Bypassing cell cycle exit disrupts chromatin dynamics at ecdysone target genes and alters their expression.
(A) Scatterplot of ecdysone-responsive genes in 44-h wings under conditions that bypass cell cycle exit versus normal exit. Genes with significant changes in expression are labeled in red. (B, C) Chromatin regions of Blimp-1, Hr3, E74, and E75 fail to close or open at 44 h when cell cycle exit is compromised. (D) Blimp-1 antibody staining of wings at 36 h and 40–42-h wings with normal cell cycle exit (Ctr) or bypassed cell cycle exit in the posterior (using engrailed-Gal4/Gal80TS). Compromising cell cycle exit delays the activation of Blimp-1 in a compartment-autonomous manner. (E) Peaks that fail to open at 44 h from cuticle-development genes harbor high-scoring Blimp-1 binding sites. The underlying data in Fig 6A can be found within S6 Data. Cda5, Chitin deacetylase-like 5; Cpr, Cuticular protein; Ctr, control; E2F, E2F transcription factor; Hr3, Hormone receptor 3; Gal80TS, temperature-sensitive Gal80; RPKM, reads per kilobase of transcript, per million mapped reads; TEM, transmission electron microscopy; wt, wild type.
Fig 7.
A model for the developmental coordination of cell cycle exit and chromatin accessibility.
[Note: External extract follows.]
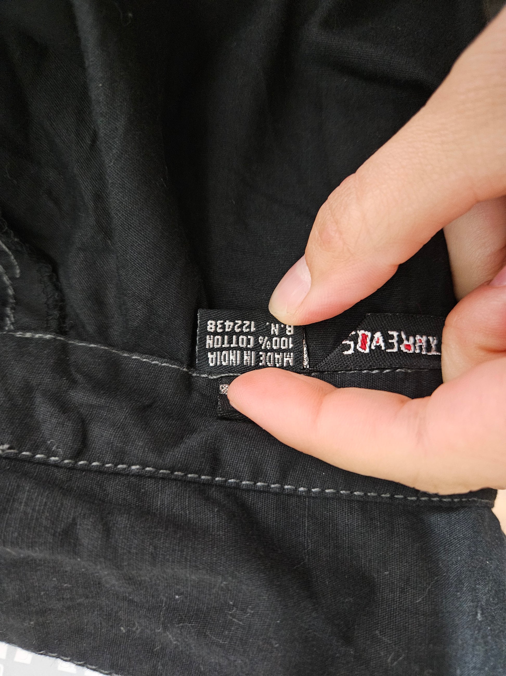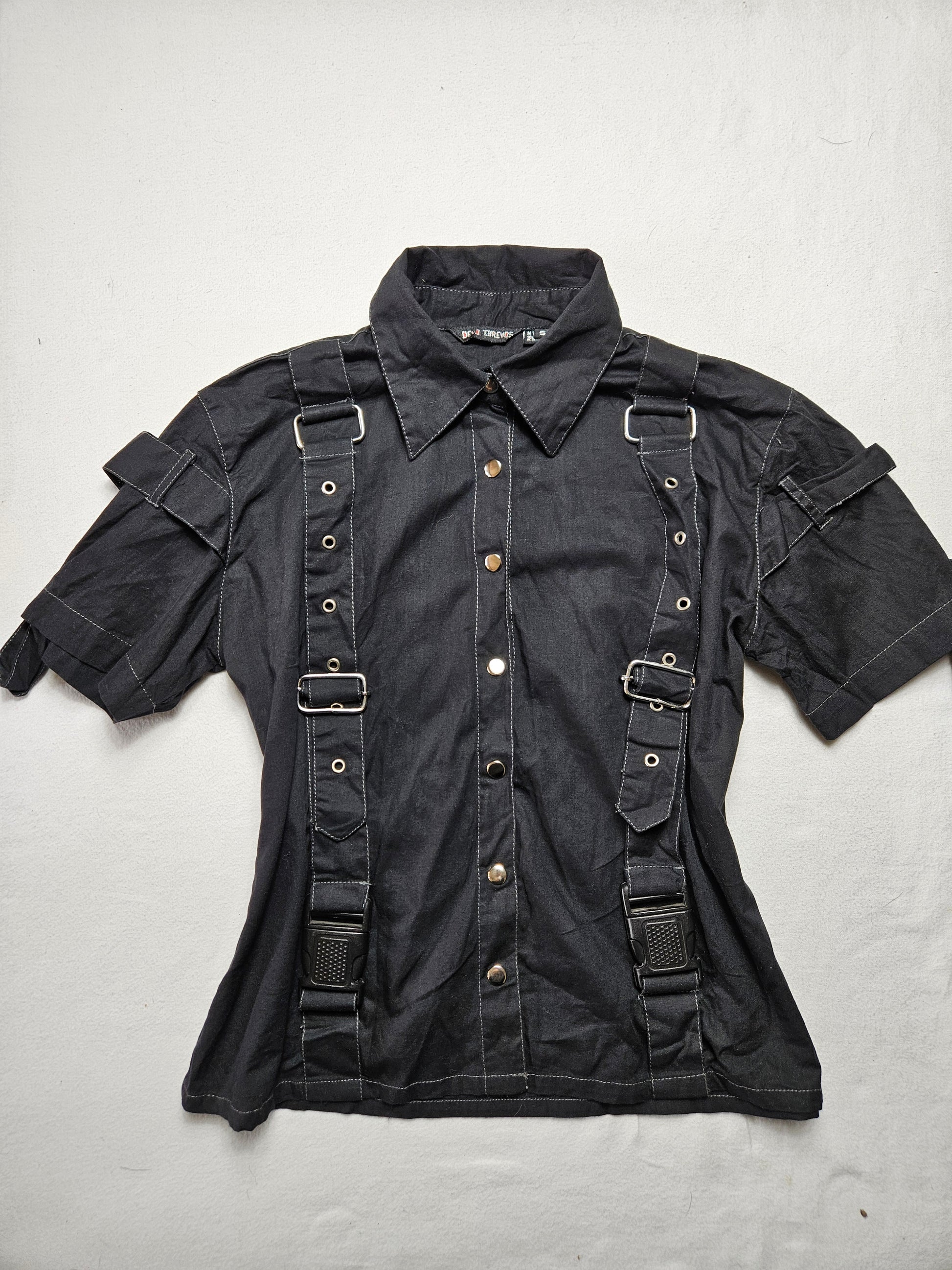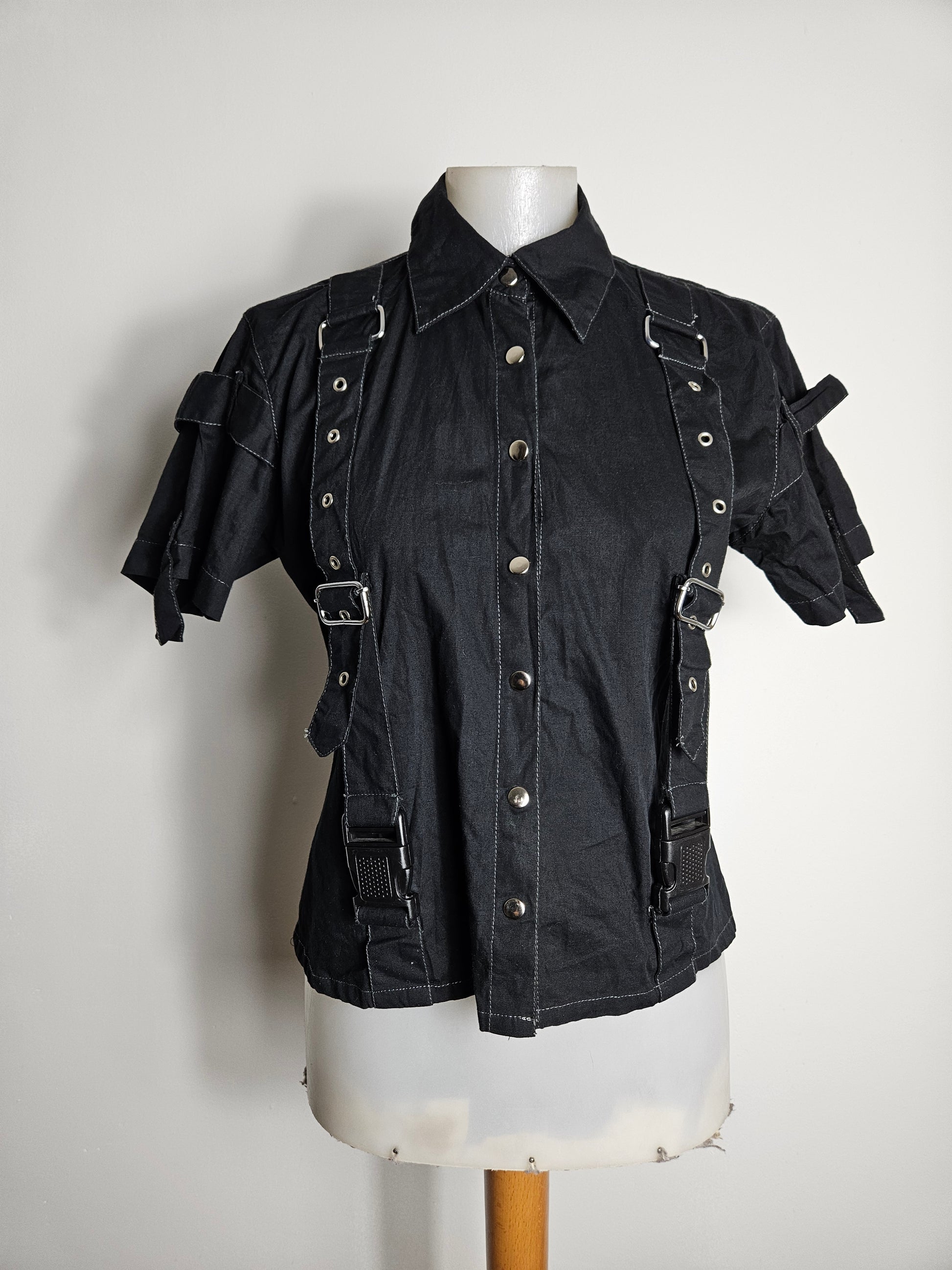 - Chemise noire à manches courtes avec sangles et détails utilitaires.

Potential regulatory elements at complex cell cycle genes such as stg become inaccessible in a developmentally controlled manner during robust G0. This may limit their activation in response to proliferative signals. Delaying or disrupting cell cycle exit impacts the subsequent opening of chromatin at genes in the wing terminal differentiation program that are potentially controlled via transcription factors downstream of ecdysone signaling. Cpr, Cuticular protein; cycE, cyclin E; E2F, E2F transcription factor; stg, string.